Securing Symbiotic IoT in 6G Networks Using a Hybrid MCBA-6GNET Deep Learning Framework for Anomaly Detection

The Advent of 6G-Powered Symbiotic IoT (S-IoT) Networks is poised to revolutionize digital ecosystems by enabling distributed intelligence through Edge-Cloud symbiosis for AI-driven automation. However, the integration of large-scale AI models with resource-constrained IoT devices introduces critical security vulnerabilities, as endpoints increasingly serve as vectors for sophisticated cyberattacks, including unauthorized access, data breaches, and systemic disruptions. Traditional security mechanisms, reliant on static rule-based or shallow machine learning models, fail to address the high-dimensional, dynamic nature of IoT-generated data, necessitating advanced solutions for real-time threat detection. This study proposes MCBA-6GNET, a hybrid deep learning framework that synergizes multi-scale spatial–temporal analysis (via EfficientNet, ResNet50, InceptionV3, and BiLSTM) with self-attention mechanisms to secure 6G-enabled IoT ecosystems. The framework employs adaptive data preprocessing, including outlier mitigation, ADASYN-based class balancing, and min-max normalization, followed by hierarchical feature fusion to capture spatial patterns (e.g., packet length variance, TCP flag anomalies) and bidirectional temporal dependencies (e.g., flow inter-arrival dynamics).
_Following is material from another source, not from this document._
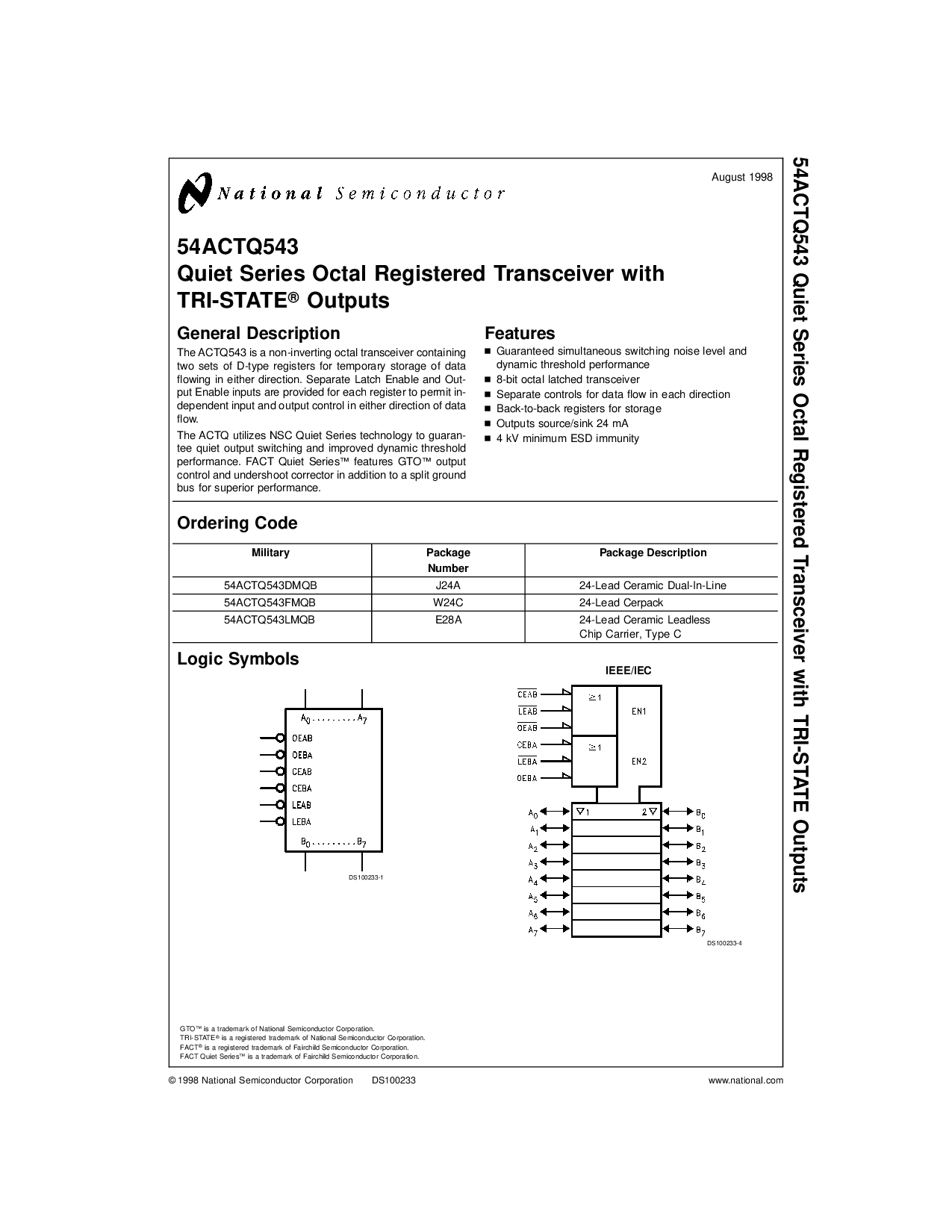 © 1998 国家 半导体 公司 DS100233 www.国家.com

Evaluated on the ACI-IoT-2023 and RT-IoT-2022 datasets, MCBA-6GNET achieves 99.97% accuracy (99.95% F1-score) and 99.98% accuracy (99.99% F1-score), respectively, outperforming existing methods by up to 17.5% in accuracy while reducing false positives by 99.97%. This research advances secure AI-IoT convergence in 6G networks, offering a scalable blueprint for real-time anomaly detection and laying the foundation for future innovations in edge-based security enforcement, blockchain-augmented trust frameworks, and self-evolving AI models resilient to adversarial cyber threats.